*DATA*
□ □ □ □ □ □ □
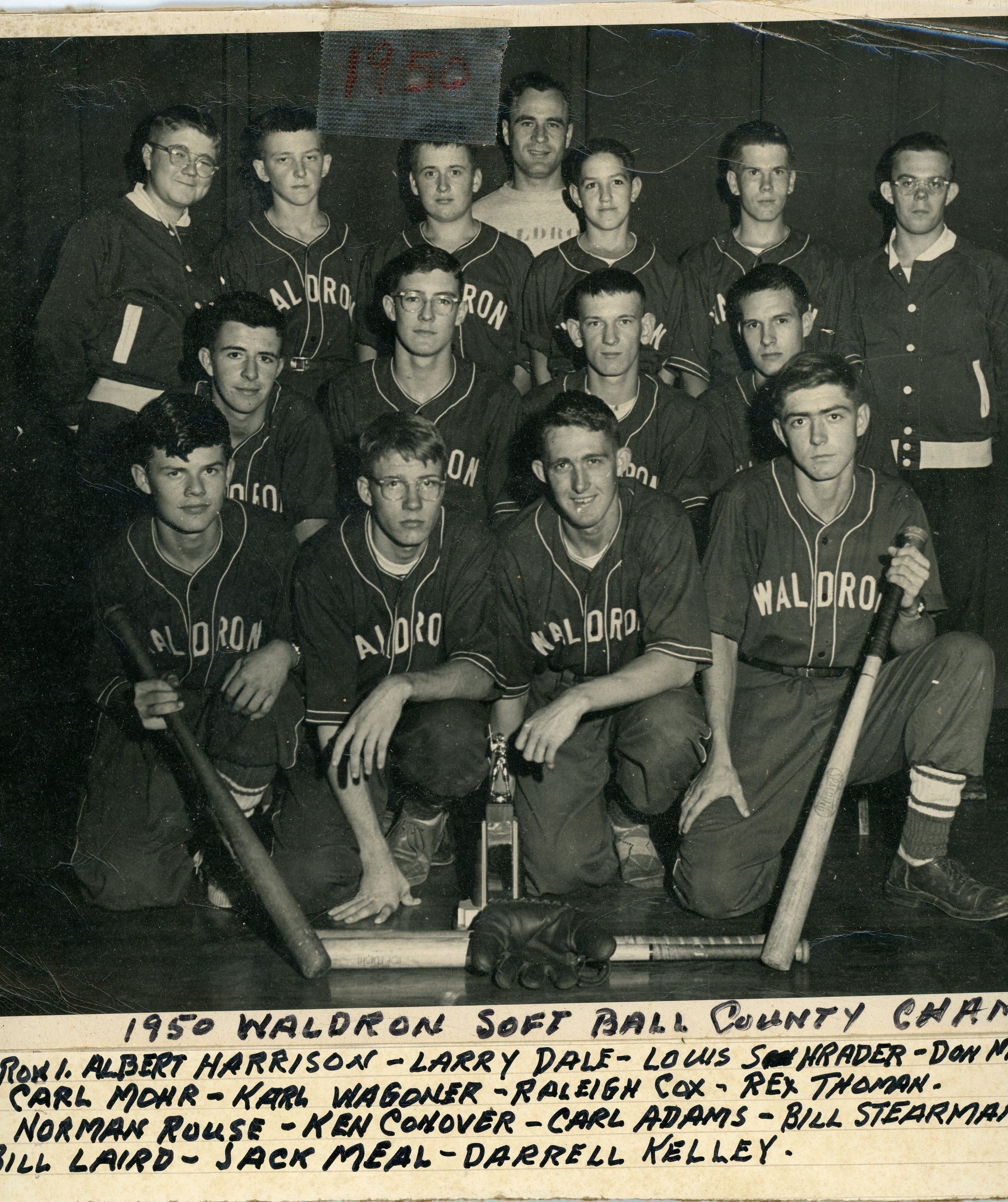 A black-and-white group photograph of a men's softball team. Their uniforms read: WALDRON. The men are posed in four rows.Photograph Details
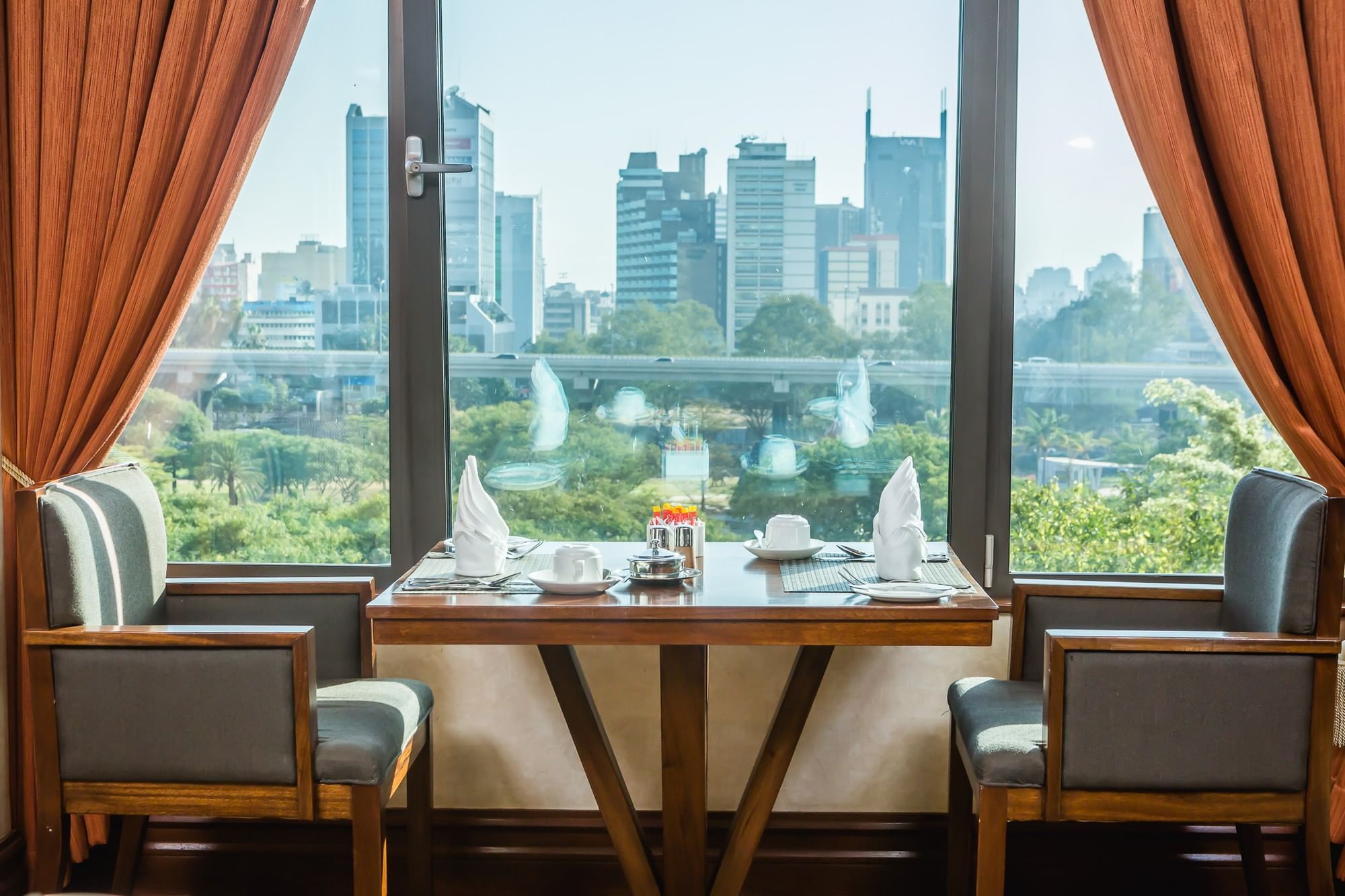 Blending African design influences from Ethiopia, the Maghreb, West Africa, and East Africa, the interiors reflect our commitment to cultural richness, elegance, and comfort. Nestled in lush gardens beside Central Park, the hotel offers sweeping views of the city skyline and a sense of tranquillity in the heart of Nairobi.
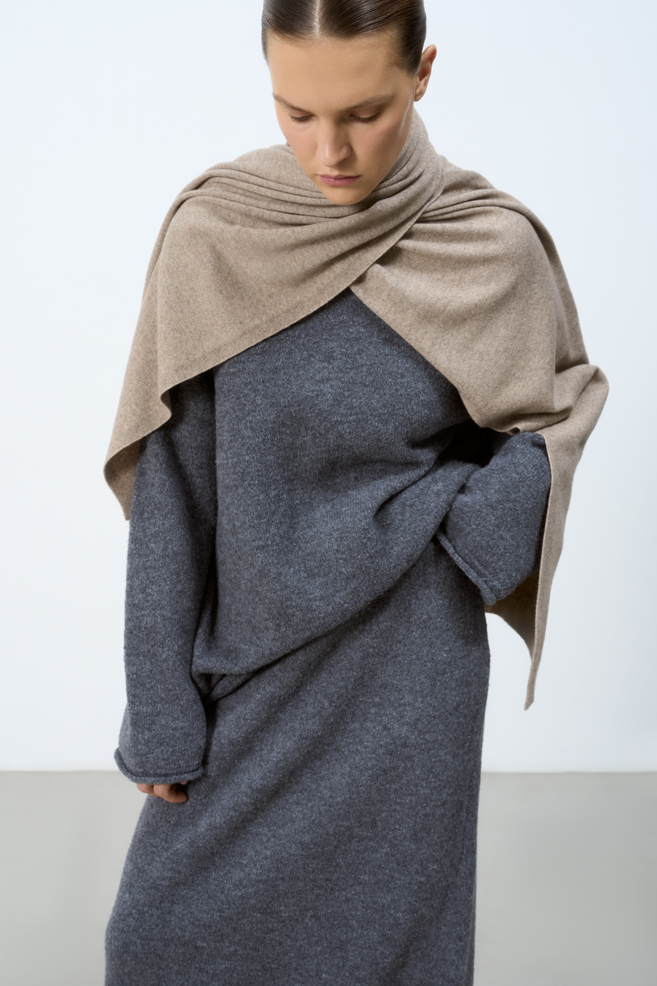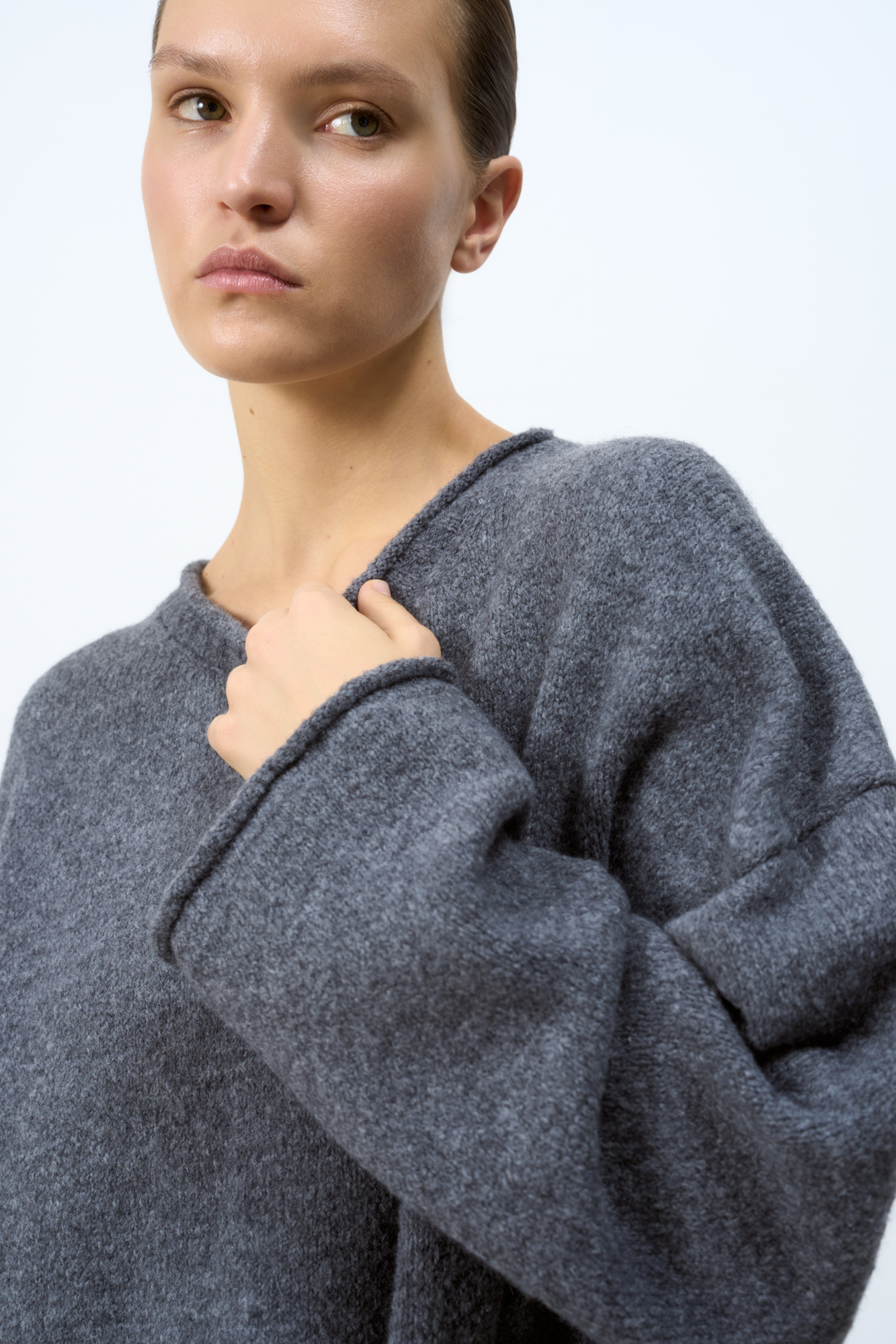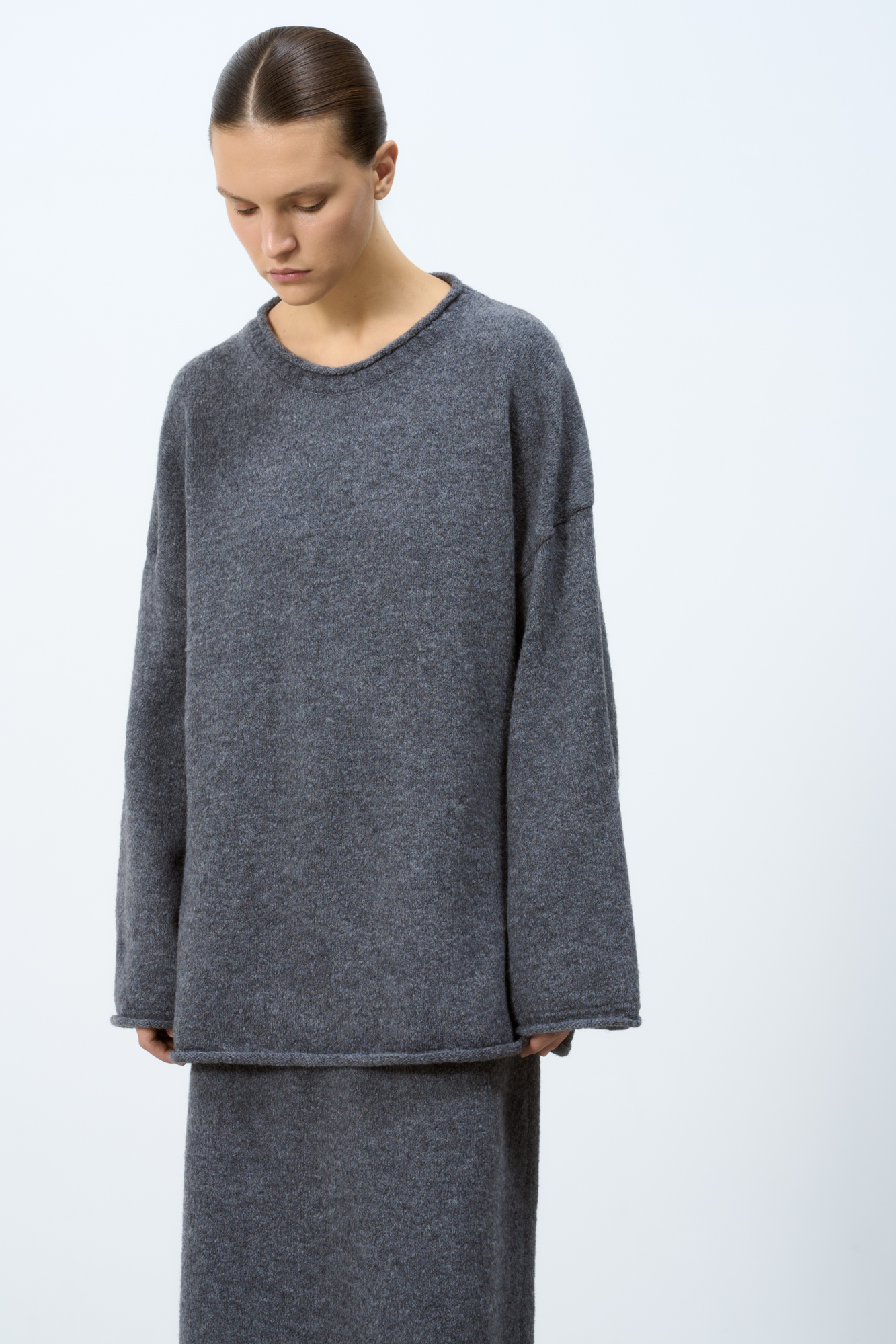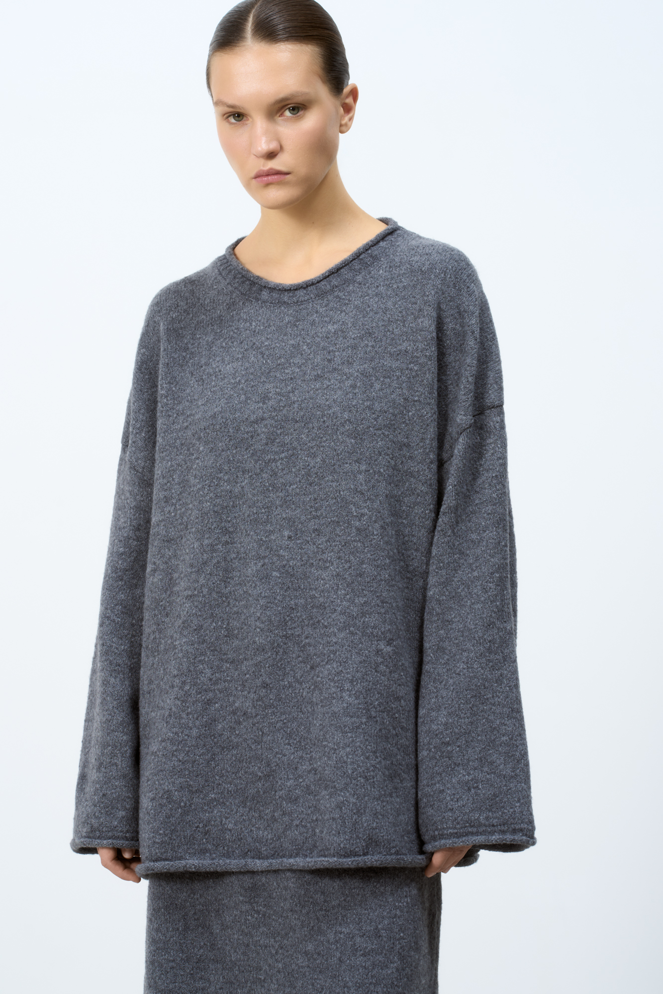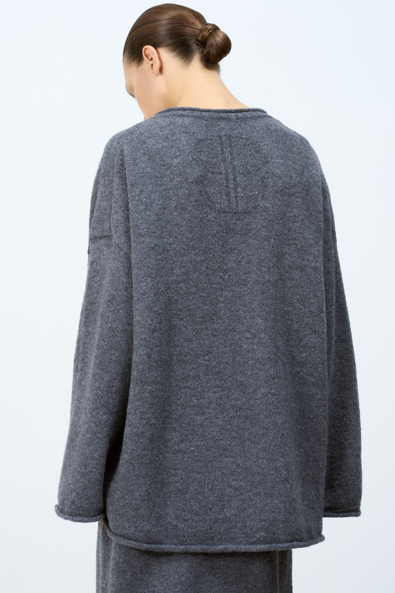 Трикотажный джемпер из шерсти альпака. Модель свободного силуэта со спущенной линией плеча и валиком по низу изделия. Дополнить образ можно юбкой в таком же стиле.
□ □ □ □ □ □ □
*WHAT THE EXERCISE ASKS*
Reproduce every line of the data above, exactly as it stands, but not the pictures.

*SOLVED EXERCISE*
 A black-and-white group photograph of a men's softball team. Their uniforms read: WALDRON. The men are posed in four rows.Photograph Details
 Blending African design influences from Ethiopia, the Maghreb, West Africa, and East Africa, the interiors reflect our commitment to cultural richness, elegance, and comfort. Nestled in lush gardens beside Central Park, the hotel offers sweeping views of the city skyline and a sense of tranquillity in the heart of Nairobi.
 Трикотажный джемпер из шерсти альпака. Модель свободного силуэта со спущенной линией плеча и валиком по низу изделия. Дополнить образ можно юбкой в таком же стиле.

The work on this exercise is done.